All of the developers were members of the distribution list. We were sent hundreds of messages daily from multiple environments: Dev, QA, UAT, Prod, not to mention the disaster recovery site. Daytime and nighttime processes, start ups, shutdowns, pauses and restarts all pumped messages into the queue. Sometimes we left informational or warning messages in code because… why not? Occasionally, when the moon was right and stars aligned, a perfect storm would hit and every environment would spontaneously barf out an overly detailed diatribe like some spastic, drunk, friend-of-a-friend nobody really wanted to invite to the party but there he is, filling the air with hateful, ignorant nonsense.
Our mailboxes would hit their quota.
I now consider logging exceptions to email a cardinal sin.
But… The VISIBILITY!
The nice thing about receiving an exception through email is that the state of your processes are right there in front of you. You see it. If you’re paying attention, you know what’s going on.

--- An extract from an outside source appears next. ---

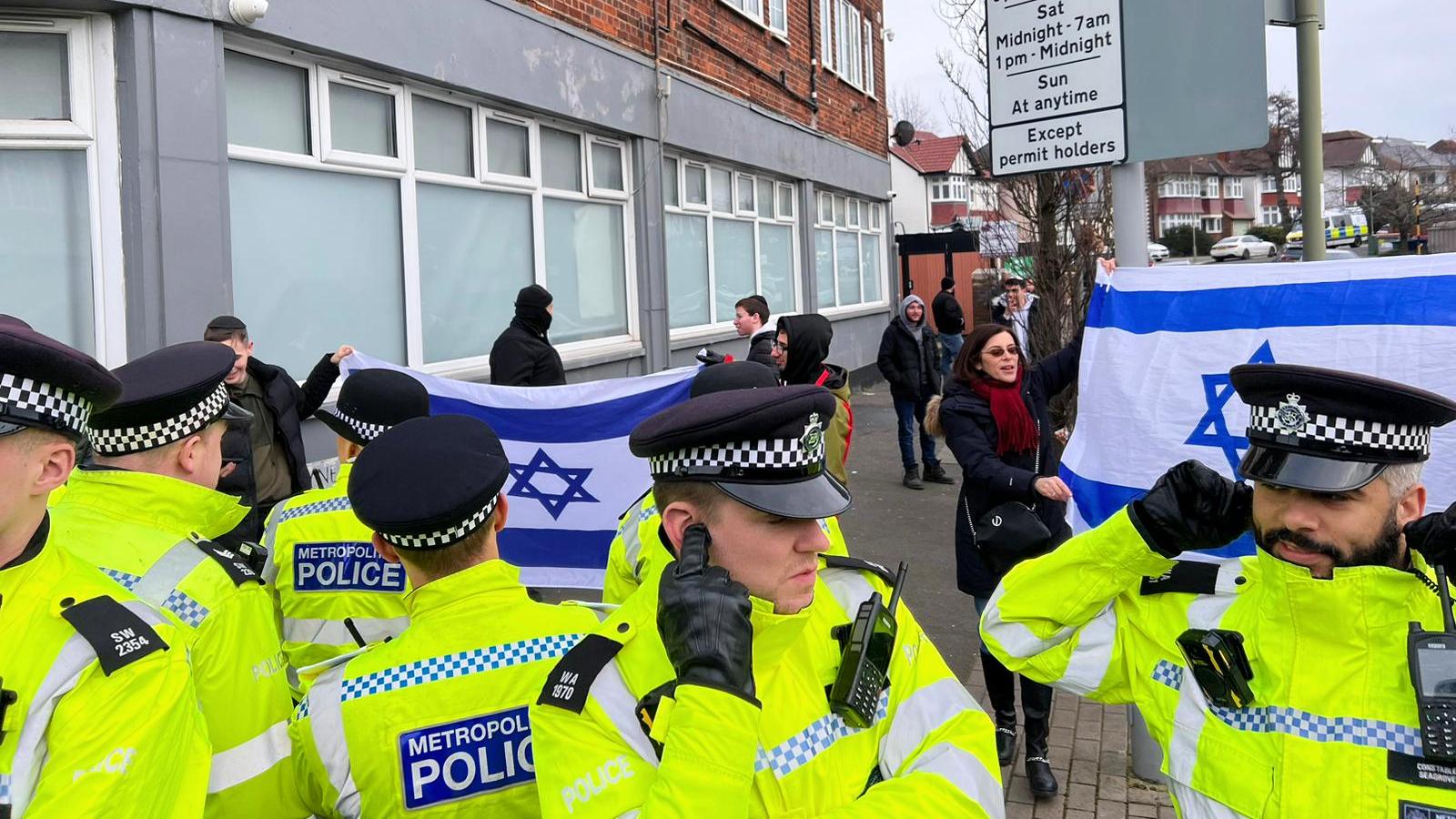 Wednesday’s event prompted noisy scenes in the street outside the Boys Clubhouse building as pro-Palestine and pro-Israel activists confronted each other, watched by about a dozen police officers.

But are you really paying attention? You just received 300 email messages in the last ten minutes. Are they all important? Can you successfully dig through the worthless warnings for the real disasters?
No. You can’t.
With such a flood of text constantly filling your inbox, you’re eventually going to miss something critical. Even the best filters, organization and dedication will ultimately fail.
So… what then?
Build the Appropriate Workflow
The architecture we built to email exceptions in a robust fashion took about a week. Maybe two. Maybe three with developer testing, QA, etc. It certainly wasn’t an extraordinary effort. But the effort was misplaced.
We should have spent those one or two or three weeks on building the right tool, an exception workflow.
It looks something like this:
- An exception is raised
- It’s logged to the event log, database, etc.
- An exception workflow process scans incoming exceptions
- Rules determine notification strategy
If you have services, you should have monitors sitting around watching those services (which is a no brainer). Establish a well-defined business rules about who should receive which type of urgent message and when: Not every single email needs to be sent during off-hours to a 24×7 support channel. Similarly, not every single monitoring app needs to send a text message to every developer at night.
The worst thing you could do is blindly dump every email you get to every developer on your team.
You’re creating unnecessary noise.
Noise isn’t actionable.
How do you address rapid changes in environment, business and code? One aspect of your notification strategy should be some sort of rules-based system. How you implement your rules-based processing is up to you, and I’m going to spend some cycles talking about it later, but the point is that you should be able to plug in new notification handlers at any time.
Similarly, you should be able to disable notifications or redirect notifications quickly.
Without a release.
Change your exception workflow. Email is not an acceptable exception management system.